国語は「私」が大事な教科。短歌や随筆などアウトプットの手法は色々あるが、究極的には「私」という存在をどう捉えるかを表現しなくちゃいけない。でも「私」を表現することが苦しい子たちもいる。社会的課題はどのような教科であっても「人間」と向き合うことになり、「私たち」を意識し、見つめ直すチャンスにもなります。そう考えて公立中学校で教えていた頃から社会的課題をテーマに据えて授業づくりをしてきました。
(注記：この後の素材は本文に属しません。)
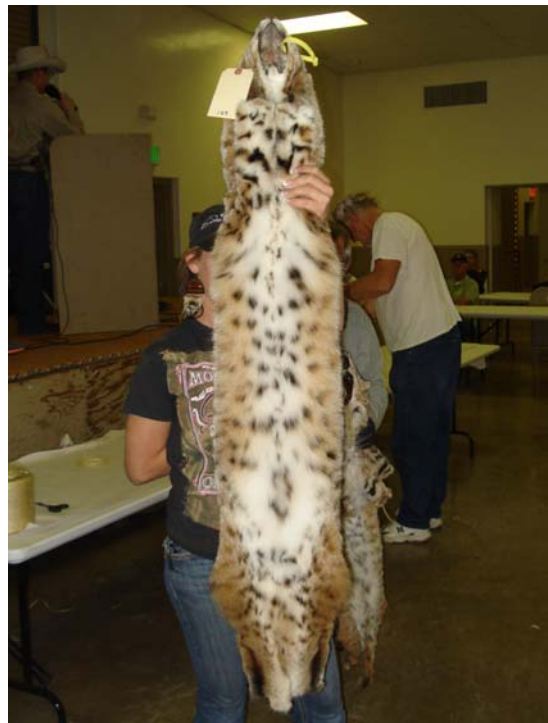
2012 ATA Fur Sale. This is an $800 Bobcat

風越学園にきてから、ネパールの人たちの仕事づくりを30年以上続けてきたネパリ・バザーロの土屋春代さんと出会い、次世代を担う子どもたちに授業を通じて社会の問題を伝え続けてほしい、教員はそれができる仕事だからと言われたことで、そうだなと改めて思いました。
今回の「フクシマを持ち寄ろう」は当初、9年生のみ対象とし、7,8年生は「ヒロシマ・ナガサキ」にしようかとも考えたという。しかし、8年生の時点で心を動かしながら授業に取り組む経験をしていることが、彼らが9年生になったときに生きるのではと、8,9年生で実施することになった。ふだんの授業は学年別だが、最終的な成果物となった学習記録集には8,9年生全員のアウトプットが読めるようにまとめられた。
学習記録集の目次は、次のとおりである。
10月下旬、8年生に向けた単元びらきの授業で、りんちゃんはこんなふうに語った。
今回、一番大事にしてほしいのは自ら「問う」ということと、「問い続ける」ということです。
たとえば小さな子どもが「どうして空は青いの?」と大人に尋ねる時、本当になんで青いんだろう?と不思議に思っている。誰かに問うてごらんと言われたわけではない、身体の中から生まれている問いですね。みんなには、問うことで考えが深まること、本当に身体から湧いてくる問いと出会う経験をしてほしい。「問う」「問い続ける」力は、9年生になってから取り組むそつたん(卒業探究)にもつながります。
調べてみて「わかった」とか上手にまとめるということじゃなくて、わかった後に自分はどう思う?自分はどんな未来を描くの?などと、言葉にしていくのが国語科です。本当に問いたいことを探していく単元にしていけたらいいなと思っています。
いろんな文章の中で心に留まった箇所をメモして、問いを立てましょう。出てきた問いにすぐ答えようとするのではなく、問いを貯めていきます。そうやって貯めた問いから、本当に考えたいことが浮かんでくるんじゃないかな。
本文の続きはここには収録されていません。